SoundExchange, Internet Radio, and the Noisy Silence

It's been a roller coaster week these past seven days. Coming off a Day of Silence that saw partial internet radio participation and a slew of publicity releases about SoundExchange, you'd have to believe this was all a dream because now everything appears to be over, running normal, the same as before. It's not!

It's time to bring to light a few of the items left on the table between SoundExchange and the internet radio community. Some have been not so obvious to the masses, who usually only read headlines.

The Real Deal

On March 2, 2007, the Copyright Royalty Board handed down its mandate that the internet radio industry begin paying fees which are many times more than what the vast majority of online radio stations generate in revenue. From SoundExchange's view, those who fought the increase were trying to take money out of the pockets of artists, that they were getting a ride on the backs of creative types who provide the music.

I loved the scenario posed by SoundExchange, where it brought up how no musicians benefitted from the sale of Last.FM to CBS, and I'm wondering why it did not mention that no musicians benefited from the record industry's consolidation. It's the same logic: The companies made money, so they should pass it on to the artists who made those companies targets for takeover.

Internet radio station owners saw another side to this rate increase, though, in that it was substantially higher than what any other music-based media were paying - and that made it simply unfair. That's why internet radio has pushed for and received an "Internet Radio Equality Act," which has stalled in both homes on the Hill.

Without a rescindment of this CRB rate increase, most online stations will have to shut down. That's as true today as it was in March.

The Offer(s)

Having a public relations machine second only to those used by Sirius and XM in the early days of satellite radio, SoundExchange made sure that publicty releases appeared regularly carrying its slant on each story. No complaint, that's how business is done. But...

Being what they are today, radio trade journals mostly printed the publicity releases as news, offering no investigations into what the true offers were.

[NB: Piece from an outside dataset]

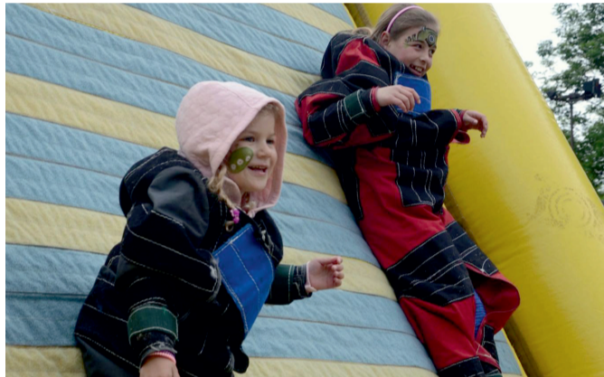
A mouchy už sedí přilepené na stěně.

Westernový a Pirátský den, které se na Vostrově uskutečnily v režii Klubu dřívě, přilákaly stovky návštěvníků. Laťka byla tedy nasazena vysoko. Jenže mimozemšťané táhnou. A tak se parkoviště postupně zaplnilo auty a mladých kosmonautů stále přibývalo.

Hence, the release of June 29 read: "SoundExchange Offers Cap On Minimum Web Royalties; DiMA Responds." You'd think by this headline (appearing in Radio & Records) that SoundExchange was a pretty good Joe in offering to cap a $500 per channel rate imposed by CRB. But, reading through the story you find this "cap" is only for 2 of the 4 years of CRB's rate schedule, and hardly anything that a sane webcaster would accept (knowing they'd be buying two years of building their station only to be financially ruined in 2009 and 2010 when their full slate of channels would be subjected to a $500 fee, each). That point about the offer being only two years wasn't played up. The headlines are what people remember.

The last time SoundExchange came back with an "offer" was on July 13. It resulted in this headline at R&R: "Report: Webcasters Shouldn't Fear Deadline." While this one looks more promising, it contains a request that webcasters become involved in aiding the war on stream ripping and that SoundExchange would be not pursue "legal action" for any station(s) in "bona fide negotiations." As it turns out, stations are required to continue paying rates at the old CRB fee for that legal action protection. Both points are acceptable by webcasters.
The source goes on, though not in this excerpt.